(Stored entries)
Content starts

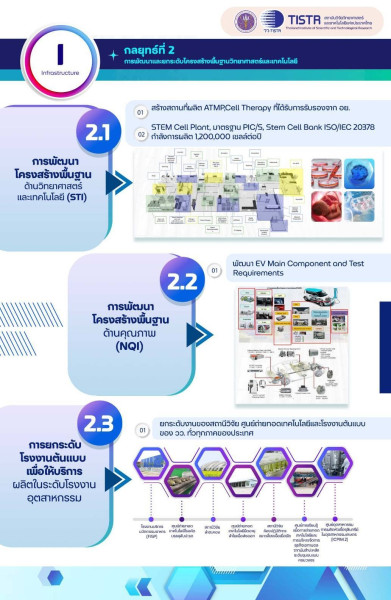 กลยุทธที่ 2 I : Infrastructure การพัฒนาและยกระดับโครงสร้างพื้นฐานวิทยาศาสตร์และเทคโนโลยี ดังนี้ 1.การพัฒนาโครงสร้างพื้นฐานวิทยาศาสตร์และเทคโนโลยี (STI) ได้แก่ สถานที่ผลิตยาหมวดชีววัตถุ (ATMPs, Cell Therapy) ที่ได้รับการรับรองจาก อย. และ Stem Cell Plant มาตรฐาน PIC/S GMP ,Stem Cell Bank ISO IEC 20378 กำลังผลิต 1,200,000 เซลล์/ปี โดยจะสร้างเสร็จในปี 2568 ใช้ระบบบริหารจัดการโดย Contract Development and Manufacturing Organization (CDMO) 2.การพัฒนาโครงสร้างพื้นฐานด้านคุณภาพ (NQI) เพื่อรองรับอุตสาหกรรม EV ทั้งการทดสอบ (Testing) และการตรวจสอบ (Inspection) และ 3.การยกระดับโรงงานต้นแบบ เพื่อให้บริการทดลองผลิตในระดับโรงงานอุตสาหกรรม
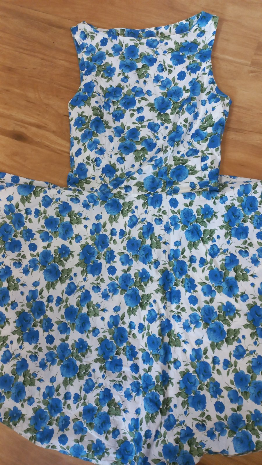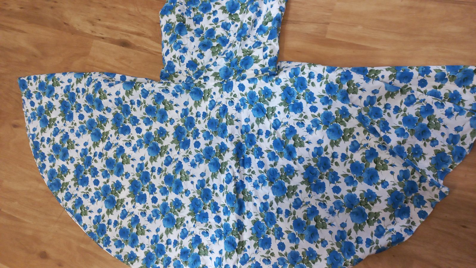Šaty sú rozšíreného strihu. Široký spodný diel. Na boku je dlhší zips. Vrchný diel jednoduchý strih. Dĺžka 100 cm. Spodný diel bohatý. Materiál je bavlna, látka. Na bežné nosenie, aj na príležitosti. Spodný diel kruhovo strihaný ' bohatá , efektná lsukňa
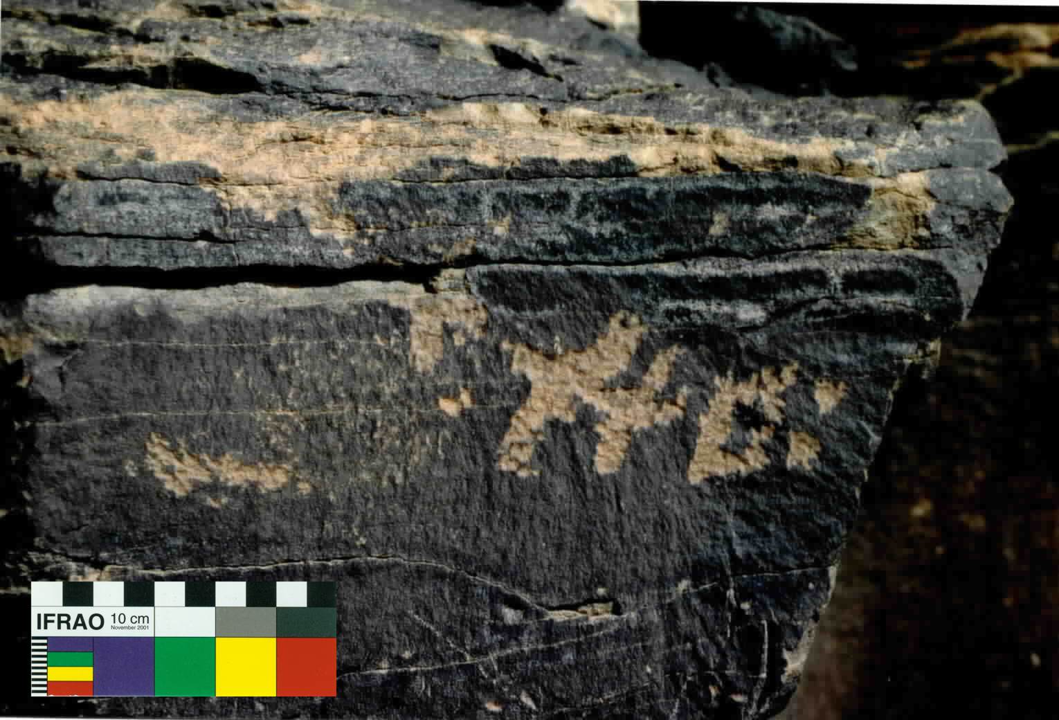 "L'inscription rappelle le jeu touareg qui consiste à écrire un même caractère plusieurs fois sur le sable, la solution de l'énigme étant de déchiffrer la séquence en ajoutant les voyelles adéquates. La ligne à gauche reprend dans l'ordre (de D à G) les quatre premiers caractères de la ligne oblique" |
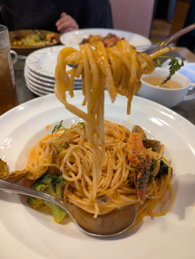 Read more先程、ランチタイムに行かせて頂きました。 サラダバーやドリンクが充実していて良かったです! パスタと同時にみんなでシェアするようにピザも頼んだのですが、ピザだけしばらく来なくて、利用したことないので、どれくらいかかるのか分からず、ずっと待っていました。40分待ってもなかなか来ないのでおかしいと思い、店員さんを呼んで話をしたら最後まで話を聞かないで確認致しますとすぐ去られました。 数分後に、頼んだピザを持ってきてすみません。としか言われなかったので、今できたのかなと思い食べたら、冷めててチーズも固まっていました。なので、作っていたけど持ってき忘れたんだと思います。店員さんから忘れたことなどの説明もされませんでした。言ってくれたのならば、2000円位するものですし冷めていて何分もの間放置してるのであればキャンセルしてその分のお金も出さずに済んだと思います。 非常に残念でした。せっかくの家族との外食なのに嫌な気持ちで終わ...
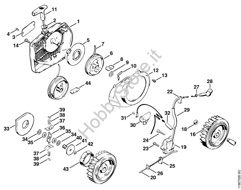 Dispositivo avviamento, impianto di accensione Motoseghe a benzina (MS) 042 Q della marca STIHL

Content ends

__What you have to do__: Write out the lines above from the one with "Šaty sú rozšíreného" through the one with "rappelle le jeu", ends included, exactly; no picture goes in.

__Output of the task__:
Šaty sú rozšíreného strihu. Široký spodný diel. Na boku je dlhší zips. Vrchný diel jednoduchý strih. Dĺžka 100 cm. Spodný diel bohatý. Materiál je bavlna, látka. Na bežné nosenie, aj na príležitosti. Spodný diel kruhovo strihaný ' bohatá , efektná lsukňa
 "L'inscription rappelle le jeu touareg qui consiste à écrire un même caractère plusieurs fois sur le sable, la solution de l'énigme étant de déchiffrer la séquence en ajoutant les voyelles adéquates. La ligne à gauche reprend dans l'ordre (de D à G) les quatre premiers caractères de la ligne oblique" |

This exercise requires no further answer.